Secondo la Corte d’Appello nulla avrebbe potuto far
ritenere che la declaratoria di illegittimità costituzionale non riguardasse la
normativa anche in quanto applicabile alla Regione, stante il fatto che la
norma espunta dall’ordinamento, facendo riferimento agli enti di cui all’art. 1
L.R. 10/1991, ricomprendeva al proprio interno anch’essa.

La Corte riteneva altresì infondato l’assunto
secondo cui ai giornalisti avrebbe comunque dovuto applicarsi la contrattazione
collettiva regionale di cui all’art.
127, co. 1, della L.R. 2/2002, destinata a regolamentare i profili e gli
inquadramenti contrattuali presso gli enti controllati dalla Regione, in quanto
la declaratoria di illegittimità del secondo comma avrebbe trascinato con sé
anche la contrattazione collettiva stipulata ai sensi del primo comma.

Inoltre, la Corte affermava che il ricorrente
sarebbe stato onerato della prova di un suo «organico inserimento quale
componente di un ufficio stampa già esistente e costituito presso
l’amministrazione regionale»-, prova che a dire della Corte non sussisteva, non
apparendo adeguata a tal fine la «durevole attività di giornalista curata nel
tempo», trattandosi di mansioni rispetto alle quali non era stato allegato
«l’indefettibile parametro contrattuale» e che dovevano pertanto «intendersi
adempiute nel contesto di una sorta di distacco funzionale» che non aveva
«comportato alcuna variazione della posizione di ruolo e del profilo
professionale di appartenenza».

E’ stata poi respinta anche la domanda dell’INPGI di
pagamento dei contributi affermandosi che, una volta disconosciuto il diritto
del lavoratore all’inquadramento nella categoria professionale dei giornalisti,
non potrebbe riconoscersi alcun il diritto dell’ente previdenziale alla
riscossione di essi.

3. L’INPGI ha proposto ricorso principale avverso la
predetta sentenza con due motivi, cui, nel contesto di un controricorso
sostanzialmente adesivo alle tesi dell’istituto di previdenza, si sono aggiunti
motivi di ricorso incidentale del  P.

La Regione Sicilia e C. sono rimaste intimate.

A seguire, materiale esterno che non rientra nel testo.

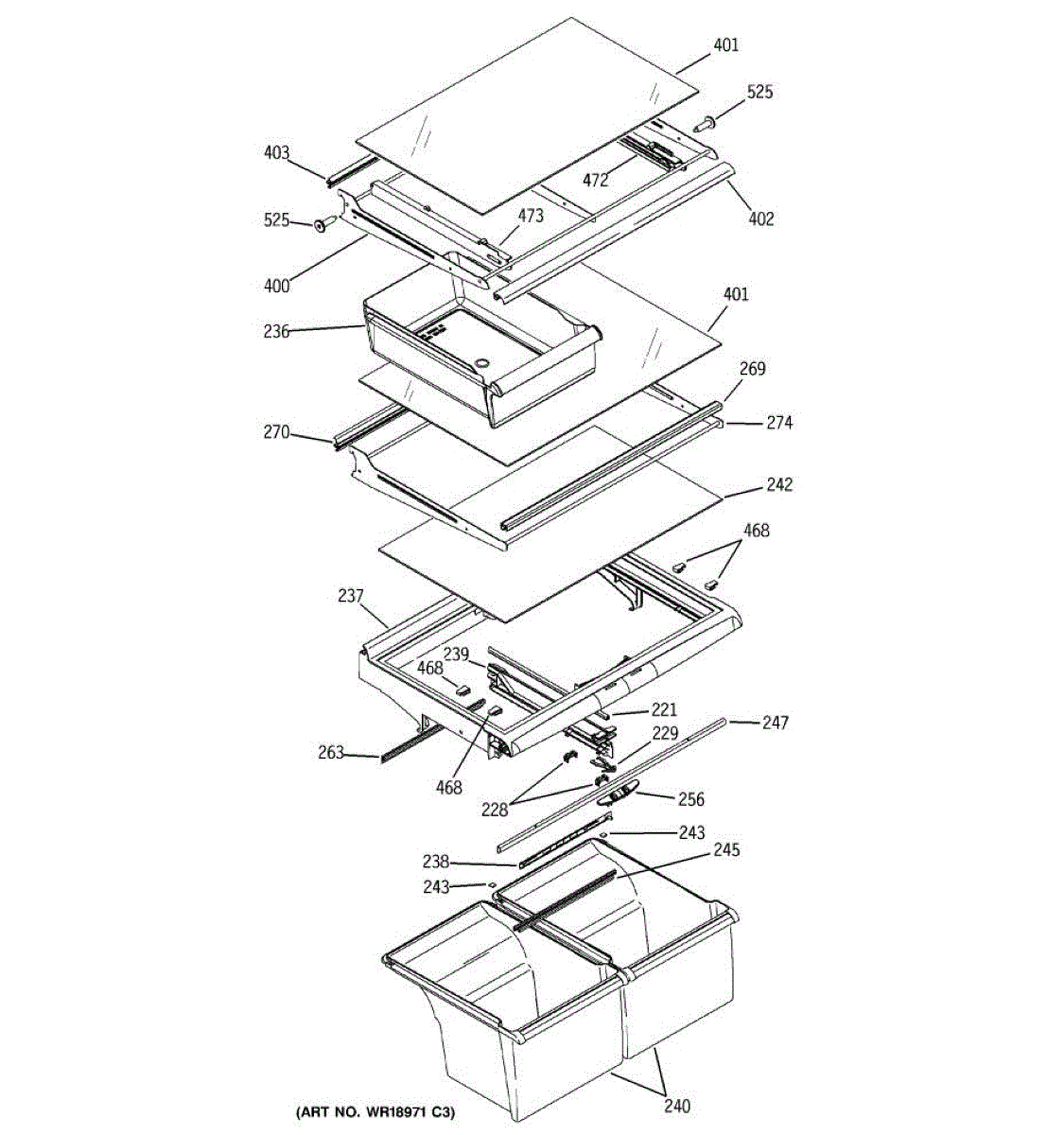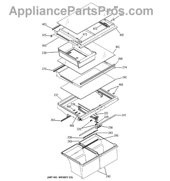 The Slide Pan Right Hand is an OEM part for GE refrigerators. This component supports and guides the movement of the refrigerator's crisper or deli drawer, allowing it to slide in and out smoothly. It ensures easy access to stored food items and helps maintain proper alignment and functionality of the drawer.
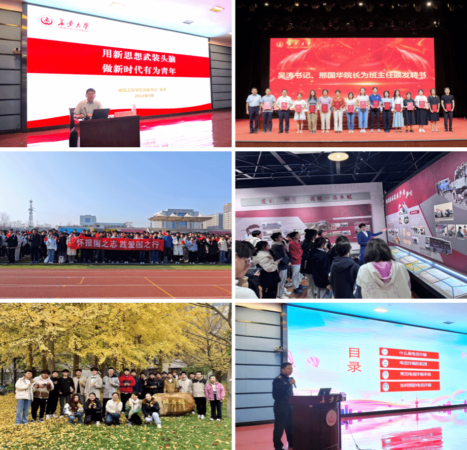 聚焦理想信念教育,汇聚“全员育人”主体链。学院强化思政引领,搭建“学院领导-专任教师-班主任-辅导员”全员育人“大思政”平台。学院党委书记吴涛为2024级新生讲授“用新思想武装头脑,做新时代有为青年”专题讲座暨新生第一课,引导新生筑牢理想信念之基;学院选聘党委书记吴涛、院长邢国华等32名专任教师担任本科生班主任,充分发挥专业优势,在专业教育中涵养新生工匠精神和家国情怀;组织新生参观校史馆,在港珠澳大桥、珠峰测量等重大工程中感悟长大力量,激发新生爱国荣校情怀;学院举办党的二十届三中全会精神专题报告会、团务基础知识培训会、新生“入党第一课”主题教育班会、“怀报国之志 践爱国之行”爱国主义教育团日活动等,引导新生坚定理想信念,厚植家国情怀,树立投身“建造强国”事业的远大理想。

La causa è stata dapprima avviata a trattazione
camerale, per la quale INPGI ed il  P.
hanno depositato memorie illustrative.

Alla luce del rilievo delle questioni dibattute, si
disponeva la rimessione a pubblica udienza, in cui, udite le conclusioni del
Pubblico Ministero, le parti costituite procedevano a discussione orale.

 

Ragioni della decisione

 

1. Con il primo motivo l’INPGI afferma, ai sensi
dell’art. 360 n. 3 c.p.c., la violazione dell’art. 9, co. 5, L. 150/2000 e
l’illogicità della motivazione della sentenza impugnata.

L’istituto di previdenza, sul presupposto che chi
svolge attività giornalistica debba essere obbligatoriamente iscritto alla
gestione sostitutiva INPGI, anche per l’ormai generalizzata previsione di cui
all’art. 76 L. 388/2000,
rimarcava come Corte Costituzionale 14 giugno
2007, n. 189 avesse dichiarato illegittime le norme della Regione Sicilia
che avevano previsto l’applicazione ex lege di profili demandati dalla
prevalente disciplina statale alla contrattazione collettiva, ma non aveva
espunto dall’ordinamento la contrattazione collettiva, sicché, in particolare,
non poteva disattendersi il contratto collettivo regionale del 24 ottobre 2007,
il quale prendeva le mosse proprio dalla L. 150/2000, ovverosia dalla normativa
statale di riferimento per gli uffici stampa delle Pubbliche Amministrazioni.

Con il secondo motivo INPGI sostiene che vi sarebbe
stata violazione (art. 360 n. 3 c.p.c.)
dell’art. 1 del proprio Statuto, dell’art. 1 del proprio Regolamento di
previdenza, dell’art. 26 L.
67/1987, dell’art. 38 L.
416/1981, come modificato dall’art.
76 L. 388/2000 e ciò per la ricorrenza di tutti i presupposti, oggettivi e
soggettivi, propri dell’iscrizione all’Istituto, i quali avrebbero rilievo, a
dire dell’Istituto, indipendentemente dal contratto applicato e
dall’inquadramento conferito dal datore di lavoro.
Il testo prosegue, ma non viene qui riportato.